The plaintiff’s counsel has contended that the Council of the Second Municipality had not the right of repealing the original ordinance of the city, by granting to the defendants permission to violate it. This argument assumes that the Council might have formally repealed the ordinance. This is no great concession ; for the act of the legislature expressly authorizes the municipalities respectively to repeal, revise, or amend the city ordinances theretofore passed. The permission granted to the defendants was, in our opinion, justly considered by the judge a quo, as a modification of an ordinance which the Council might repeal. It may, perhaps, be improvident, to grant permissions to *413one or more individuals to do acts which may not legitimately be done by others; but the conduct of those who make laws granting such permissions, cannot be inquired into, or controlled by the judiciary. If it could, nothing in the present case would lead us to the conclusion that the Council did not prudently exercise a legitimate power; much less that the plaintiff was injured by the defendants’ availing themselves of the permission they had obtained.
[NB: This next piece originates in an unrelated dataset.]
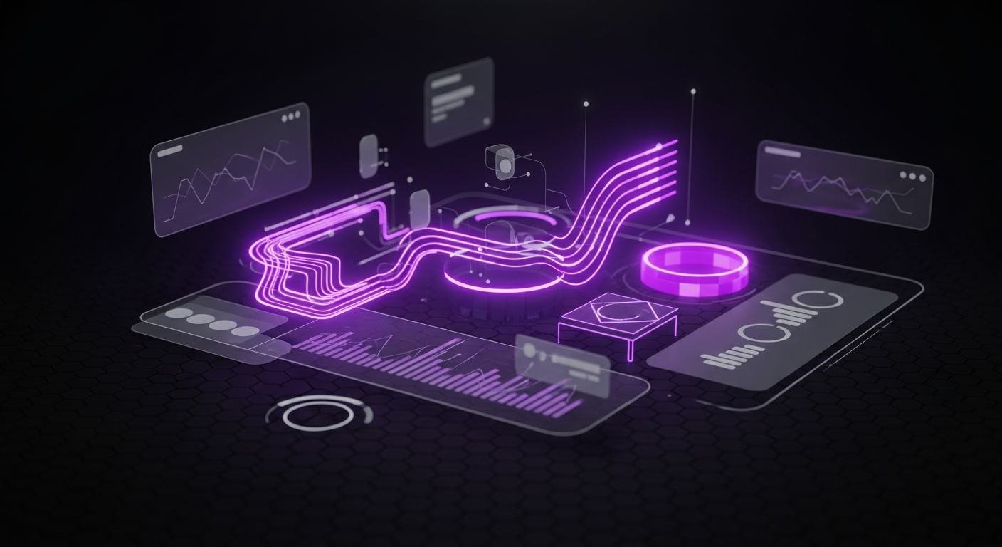 A dark, wide banner illustration for a blog post on experimentation cadence. It features a glowing, abstract pipeline or pathway composed of interconnected segments moving upwards against a deep, dark gradient background, symbolizing systematic growth. The text overlay reads 'Experimentation Cadence Framework' in a modern, glowing white font. A subtle website logo is in the top-left corner. The image uses cinematic lighting with neon blue and purple accents, providing a professional and premium look.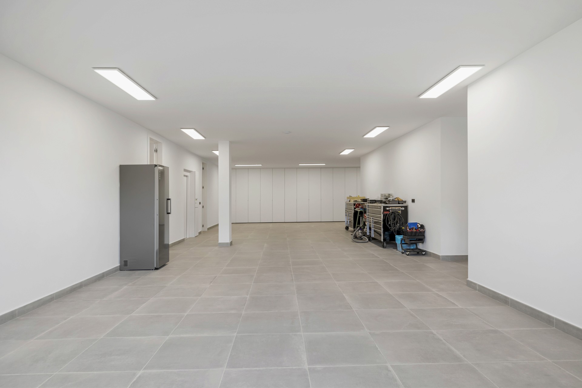 The lower floor offers a large multipurpose room, an additional guest toilet, storage space, and a garage for two cars. Next to the garage is a covered carport accommodating two more vehicles.

After this opinion was thus far prepared, the plaintiff’s counsel favored us with a printed brief, in which he labors to establish the unconstitutionality of the permission, obtained by the defendants from the Council of the Second Municipality, with the assent of the Mayor.

His argument assumes the proposition that neither the legislature, nor its creature, the City Council, have authority to suspend the operation of a general law in favor of or against an individual — an authority which the gentleman denies even to the Congress of the United States. It is useless to inquire into the powers of Congress in this respect; for those of the State legislature exceed, in many cases those of Congress, that body having no power to do any thing which the federal constitution does not authorize, while the State legislatures may do whatever is not prohibited by their respective constitutions. The legislature of Louisiana has considered that it had the power to discharge insolvent debtors from imprisonment (Simonton’s case. Acts of Assembly, 1812, p. 16); to authorize an uncle to marry his own niece, thus excepting this couple from the provisions of the Civil Code, art. 97. Acts of Assembly of 1822, p. 82. Frequent exemptions were granted to private individuals, or corporations, from the general law prohibiting lotteries. Acts of Assembly, 1828, pp. 90, 20, 64, 174. A widow was relieved from in-capacities to her being named tutrix. Acts of 1832, p. 166. Wives have been exempted from the general laws prohibiting them from being sureties for their husbands (Acts of 1844, p. 25), and minors from the incapacities of non-age. The charters of several of our Banks protect them against delays to which individual mortgage creditors are bound to submit, in cases of insolvency and death. There are also legislative exceptions to *414the repeal of the law of adoption. Acts of 1844, p. 104. Acts of 1837, p. 62 and 21. Government is not instituted to attend to the concerns of the community alone, but to those of individuals also. “ Hujus studii (juris) dum sunt positiones, publicum et puratum. Publicum jus est quod ad statum rei Romanse spectat. Privatum quod ad singulorum utilitatem.” Inst. I. 1., § 4. Plané in his (constitutionibus), qusedam sunt personales, quae nec ad exemplum trahuntur, [quoniam non hoc princeps vult]. Nam quod alicni ob meritum indulsit, vel si quam poenam irrogavit, vel si cui sine exemplo subvenit, personam non transgreditur. Alim autem, quum generales sint, omnes proculdubio tenent.” Ib. I. II., § 6.

The best attention which we have been able to give to the printed argument in this case, has not changed the impression under which the oral had left us.